*About this exercise*: Reproduce every record below exactly, with the pictures left out.

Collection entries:
——

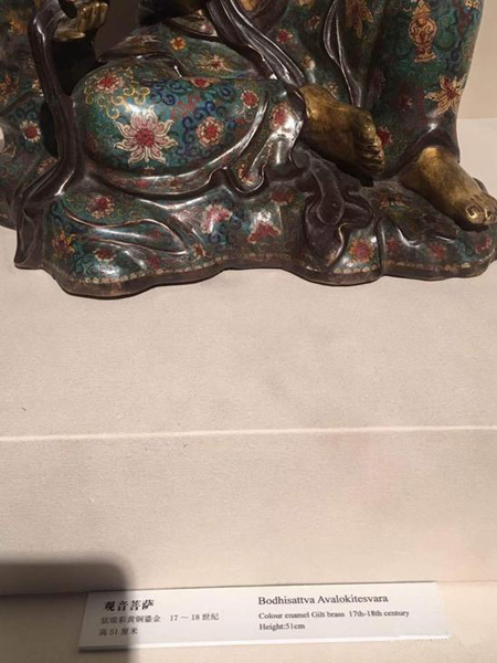 [浙江美术馆展览中标注17-18世纪珐琅彩黄铜鎏金观音菩萨像。民国以前的工匠师都是师傅带徒弟式的传帮带,有非常严格的长期训练后方可出徒。瞧瞧造像的胳膊与手,要在古代这工匠得挨师傅多少耳刮子或另谋生路了]
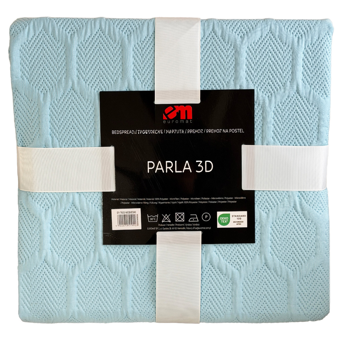 - PARLA 3D bedspreads – double-sided, single-colour, with decorative 3D embossing. Material: 100% matt polyester microfiber with 100% polyester filling. Modern designs. Available also as a set with 2 cushion covers. Made in China.
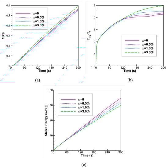 The impact of the weight fraction of GNPs (ω) on the MVF, surface temperature, and stored energy is depicted in Figure 9. With the increase of ω, the MVF rises. Indeed, the GNPs do not contribute to the phase change heat transfer, and since the amount of heat rate from the heated surface is fixed, the MVF increases. This means more NePCM should be melted to absorb the input heat from the heated surface. The amount of stored energy per unit weight of the heatsink reduces by increasing the weight fraction of nanoparticles because the GNP is much heavier than the base PCM and does not contribute to the phase change heat transfer. Thus, the heavy and low heat capacity GNPs reduced the overall normal heat capacity of the heatsink. Finally, the presence of GNP nanoparticles raises the temperature of the heated surface at final times. However, a small decrease in surface temperature in the middle of the melting process can be observed for the case ω = 1.0%. It should be noted that the heat flux at the heated surface is constant; thus, the surface temperature is directly related to the heat transfer rate. The reduction of surface temperature for ω = 1.0% could be the result of improved thermal conductivity caused by the presence of GNPs. In the initial stages of melting heat transfer, the convection heat transfer mechanisms are negligible, and conduction is the dominant mechanism of heat transfer. However, as the melting advances, the amount of molten NePCM increases, and natural convection effects appear. The dynamic viscosity NePCM is an important parameter in controlling the strength of the natural convection flows. The presence of NePCM particles increases the dynamic viscosity of the NePCM mixture and thus reduces the strength of the natural convection flows. Therefore, an increased surface temperature can be observed at the final stages of melting heat transfer.
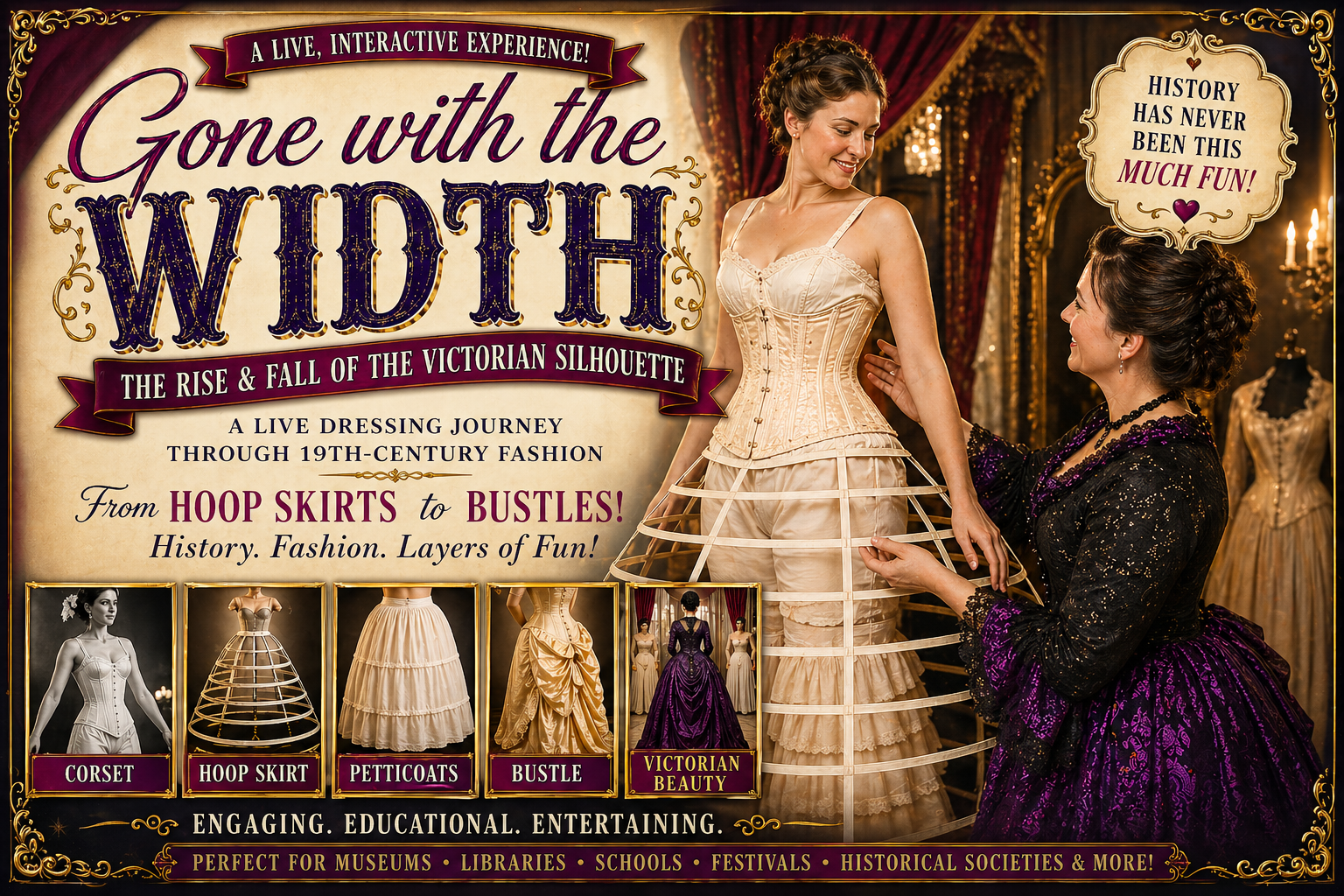 Travel back in time and watch history unfold—one layer at a time. Gone with the Width is a lively, interactive Victorian fashion experience where audiences witness the stunning transformation from hoop skirts to bustles in a live dressing demonstration that is as educational as it is entertaining.
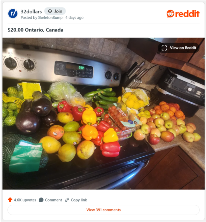 最近,Reddit 用户 SkeletonBump 分享了一张他在当地 Real Canadian Superstore 购买的农产品的照片。
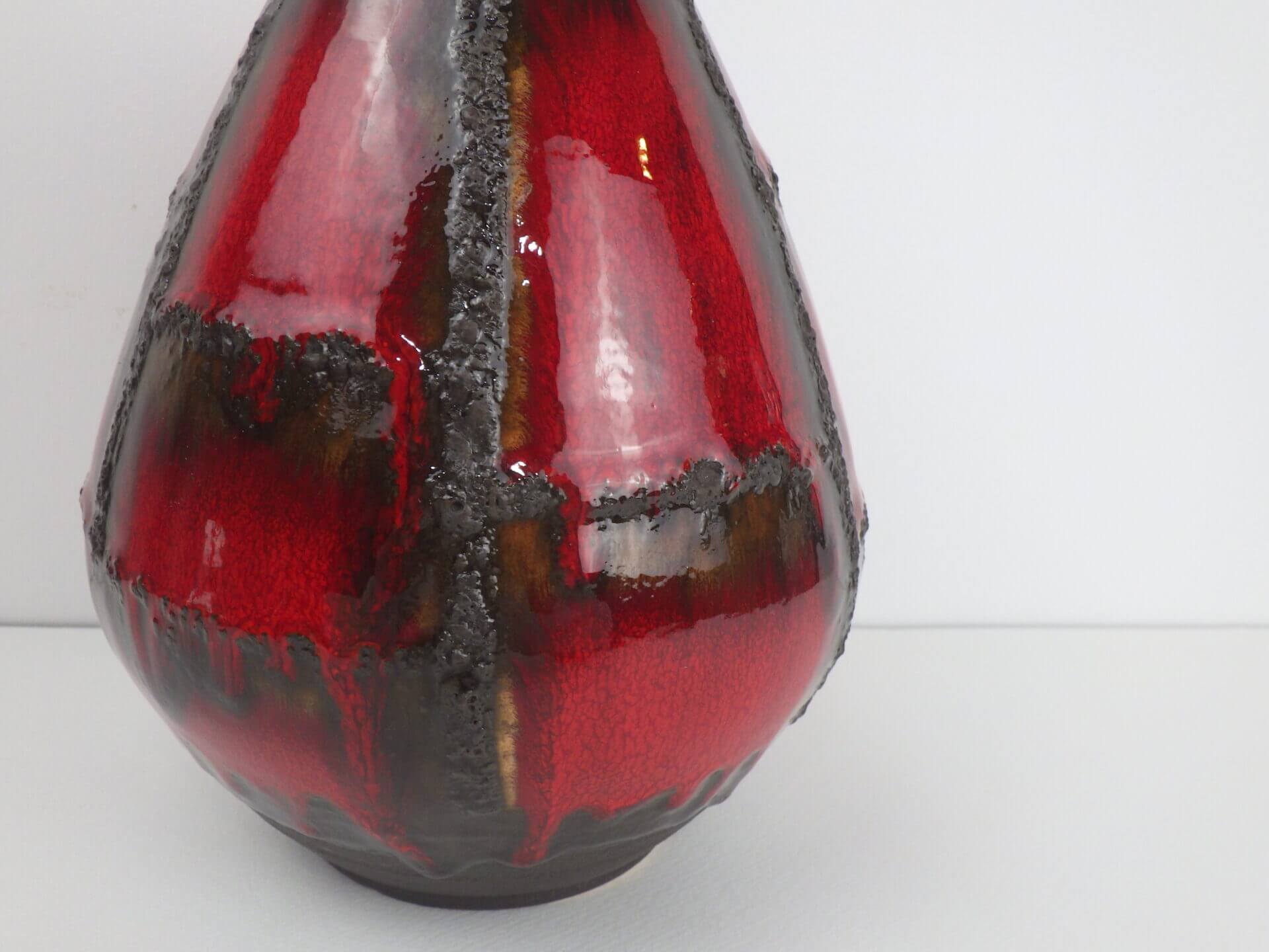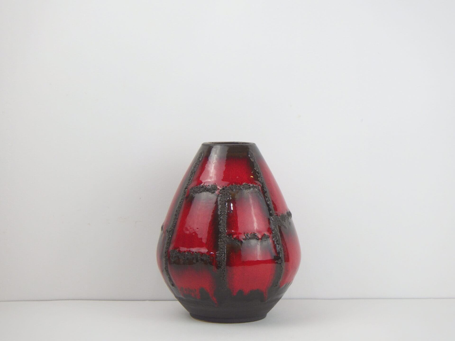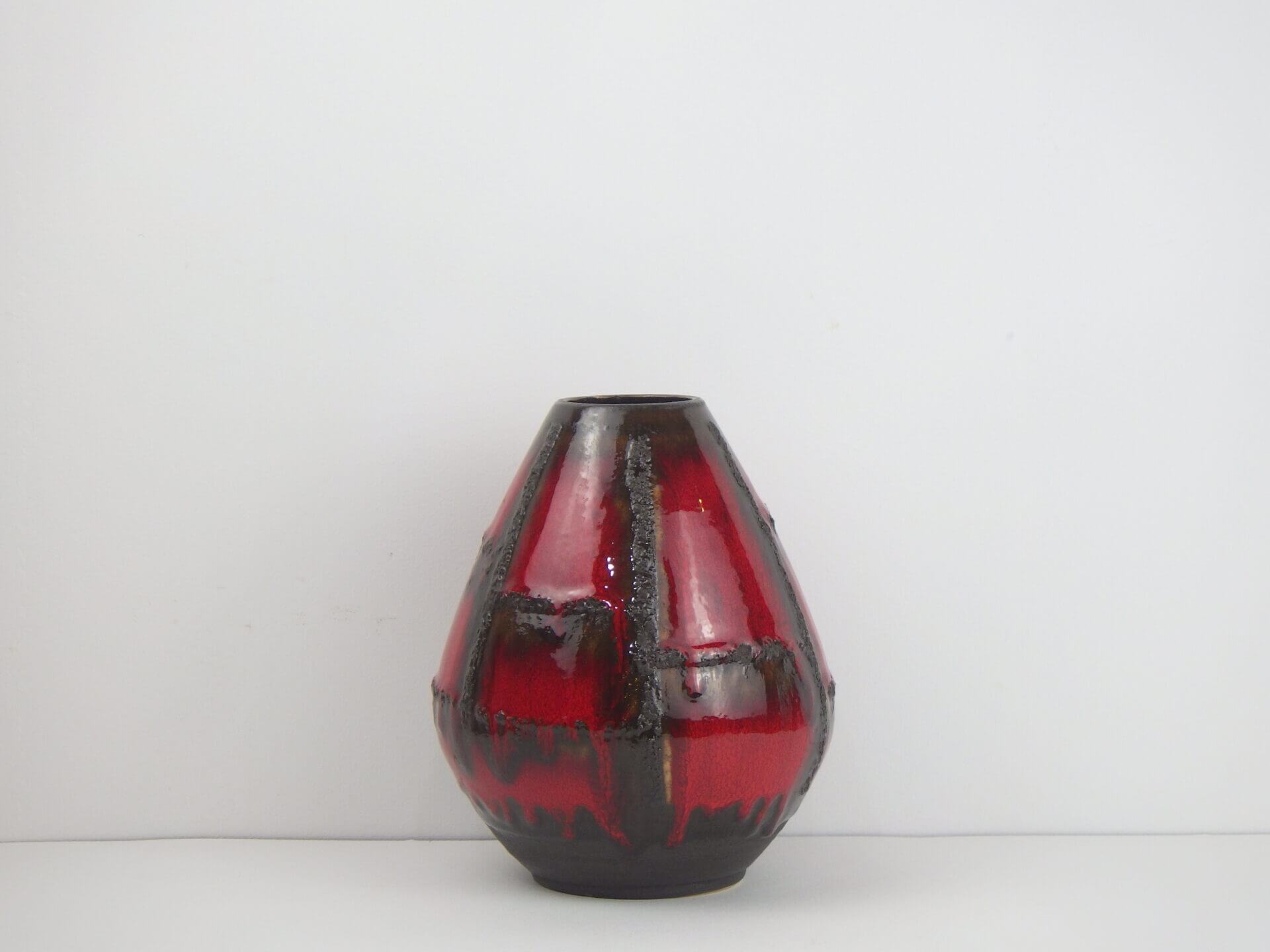 | 1950年~70年代に主に旧西ドイツで作られた「Fat Lava」と呼ばれるビンテージ花器です。 Fat Lavaは肥えた溶岩を意味し、流れ出る溶岩のような表情、色合い、ゴツゴツとした溶岩石のようなテクスチャーのものが多く存在します。 この時代のドイツ製陶器の多くは、職人による手作業で製作されていた為、全く同じものが他に存在しないところも魅力の一つかもしれません。 近年では日本でもコレクターズアイテムとして注目されています。 ミッドセンチュリー家具とも相性抜群ですね。 こちらは赤ベースに黒くゴツゴツしたテクスチャーがいかにも溶岩らしい、力強い一品ですね。 |
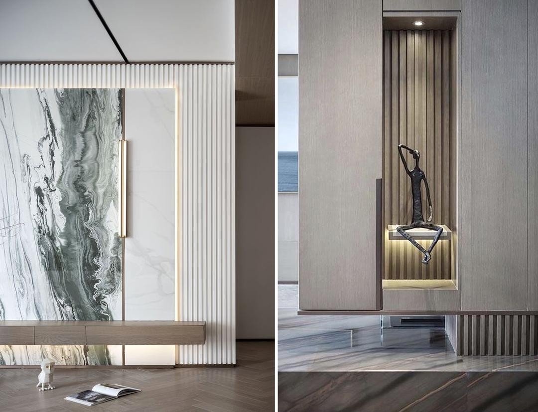 凹凸设计手法是指在空间内设计不规则的视觉效果,即可增加室内的利用率,又能凸显和强调设计区域,彰显个性。
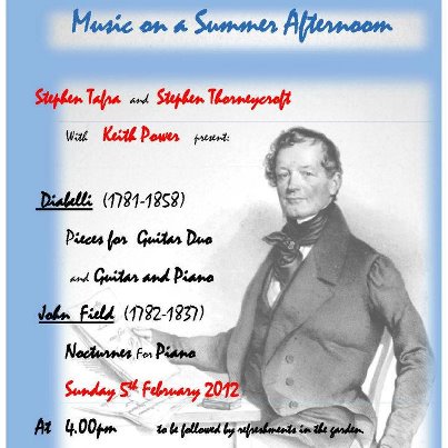 • We’re giving a concert of guitar and piano music, performed on period instruments, with our friend Keith Power. Music by Diabelli and Field. Feb 5th 2012, 4pm. There is no entry charge but seating is limited, RSVP details are on the poster.

——

*Result of this exercise*:
 [浙江美术馆展览中标注17-18世纪珐琅彩黄铜鎏金观音菩萨像。民国以前的工匠师都是师傅带徒弟式的传帮带,有非常严格的长期训练后方可出徒。瞧瞧造像的胳膊与手,要在古代这工匠得挨师傅多少耳刮子或另谋生路了]
 - PARLA 3D bedspreads – double-sided, single-colour, with decorative 3D embossing. Material: 100% matt polyester microfiber with 100% polyester filling. Modern designs. Available also as a set with 2 cushion covers. Made in China.
 The impact of the weight fraction of GNPs (ω) on the MVF, surface temperature, and stored energy is depicted in Figure 9. With the increase of ω, the MVF rises. Indeed, the GNPs do not contribute to the phase change heat transfer, and since the amount of heat rate from the heated surface is fixed, the MVF increases. This means more NePCM should be melted to absorb the input heat from the heated surface. The amount of stored energy per unit weight of the heatsink reduces by increasing the weight fraction of nanoparticles because the GNP is much heavier than the base PCM and does not contribute to the phase change heat transfer. Thus, the heavy and low heat capacity GNPs reduced the overall normal heat capacity of the heatsink. Finally, the presence of GNP nanoparticles raises the temperature of the heated surface at final times. However, a small decrease in surface temperature in the middle of the melting process can be observed for the case ω = 1.0%. It should be noted that the heat flux at the heated surface is constant; thus, the surface temperature is directly related to the heat transfer rate. The reduction of surface temperature for ω = 1.0% could be the result of improved thermal conductivity caused by the presence of GNPs. In the initial stages of melting heat transfer, the convection heat transfer mechanisms are negligible, and conduction is the dominant mechanism of heat transfer. However, as the melting advances, the amount of molten NePCM increases, and natural convection effects appear. The dynamic viscosity NePCM is an important parameter in controlling the strength of the natural convection flows. The presence of NePCM particles increases the dynamic viscosity of the NePCM mixture and thus reduces the strength of the natural convection flows. Therefore, an increased surface temperature can be observed at the final stages of melting heat transfer.
 Travel back in time and watch history unfold—one layer at a time. Gone with the Width is a lively, interactive Victorian fashion experience where audiences witness the stunning transformation from hoop skirts to bustles in a live dressing demonstration that is as educational as it is entertaining.
 最近,Reddit 用户 SkeletonBump 分享了一张他在当地 Real Canadian Superstore 购买的农产品的照片。
 | 1950年~70年代に主に旧西ドイツで作られた「Fat Lava」と呼ばれるビンテージ花器です。 Fat Lavaは肥えた溶岩を意味し、流れ出る溶岩のような表情、色合い、ゴツゴツとした溶岩石のようなテクスチャーのものが多く存在します。 この時代のドイツ製陶器の多くは、職人による手作業で製作されていた為、全く同じものが他に存在しないところも魅力の一つかもしれません。 近年では日本でもコレクターズアイテムとして注目されています。 ミッドセンチュリー家具とも相性抜群ですね。 こちらは赤ベースに黒くゴツゴツしたテクスチャーがいかにも溶岩らしい、力強い一品ですね。 |
 凹凸设计手法是指在空间内设计不规则的视觉效果,即可增加室内的利用率,又能凸显和强调设计区域,彰显个性。
 • We’re giving a concert of guitar and piano music, performed on period instruments, with our friend Keith Power. Music by Diabelli and Field. Feb 5th 2012, 4pm. There is no entry charge but seating is limited, RSVP details are on the poster.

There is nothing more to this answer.